Ben Thompson likes to point out that early websites were essentially static copies of physical world artifacts like newspapers and brochures. The web only reached its potential during the Web 2.0 era when developers discovered truly native capabilities that previous mediums couldn't match.

For example, the feed's infinite scrolling experience created a new canvas for Facebook and others to display ads. Real-time collaboration breathed life into once-solitary documents, enabling Google Docs, Trello, and others to create virtual workshops where teams create together. On-demand resource access enabled streaming services like Netflix to provide thousands of content options without waiting 3-5 days for a red envelope full of bits.

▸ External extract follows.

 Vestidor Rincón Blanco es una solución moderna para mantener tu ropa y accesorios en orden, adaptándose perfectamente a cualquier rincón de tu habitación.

The emergence of LLMs has opened up new design space for products, enabling features that were previously impossible. Since ChatGPT made its splash in late 2022, we've had about two years of product teams experimenting with LLMs to see what would stick. Today, we are starting to see the shape of LLM-native capabilities that bring real value to users.

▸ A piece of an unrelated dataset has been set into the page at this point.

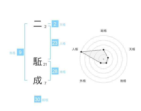 二 駈成さんの総格は30画の2点!

Let's explore 6 LLM-native capabilities that have emerged, how they're being used today, and where opportunities remain to deploy them in building better products.

1. Content Generation

Google's AI Overview for "Cybernetics"

Google Search's AI Overview demonstrates how LLMs excel at generating comprehensive content about given topics (even if they occasionally hallucinate details). Companies like Copy.ai and Jasper have embraced LLM-powered content generation to help create marketing materials.

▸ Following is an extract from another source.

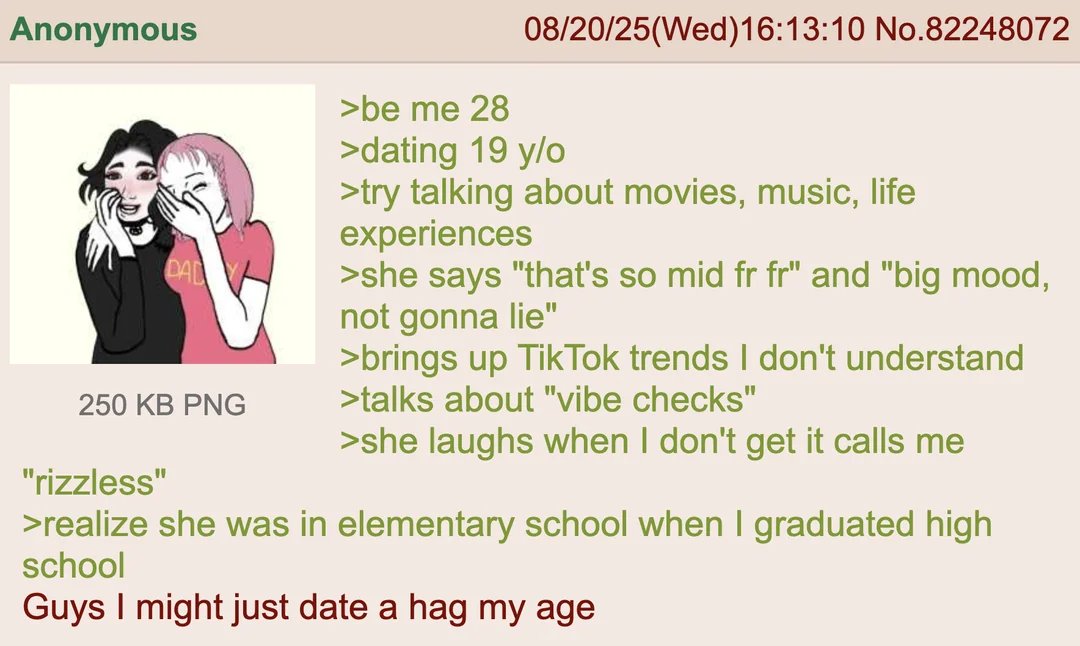 Yeah, at 27, 22 was already like too young for me. Let alone 20.

Personalization through memory and context represents one of the most promising frontiers for LLM-powered products. ChatGPT's conversation memory showed us just the beginning, the ability to maintain context and adapt responses based on user history opens up new possibilities for user experience. Imagine hotel listings that don't just filter results, but completely reframe their content based on your preferences: highlighting the quiet workspace for business travelers, emphasizing the kid-friendly amenities for families, or focusing on nearby nightlife for young tourists. This kind of dynamic, personalized content generation could transform how users expect to interact with products across every industry.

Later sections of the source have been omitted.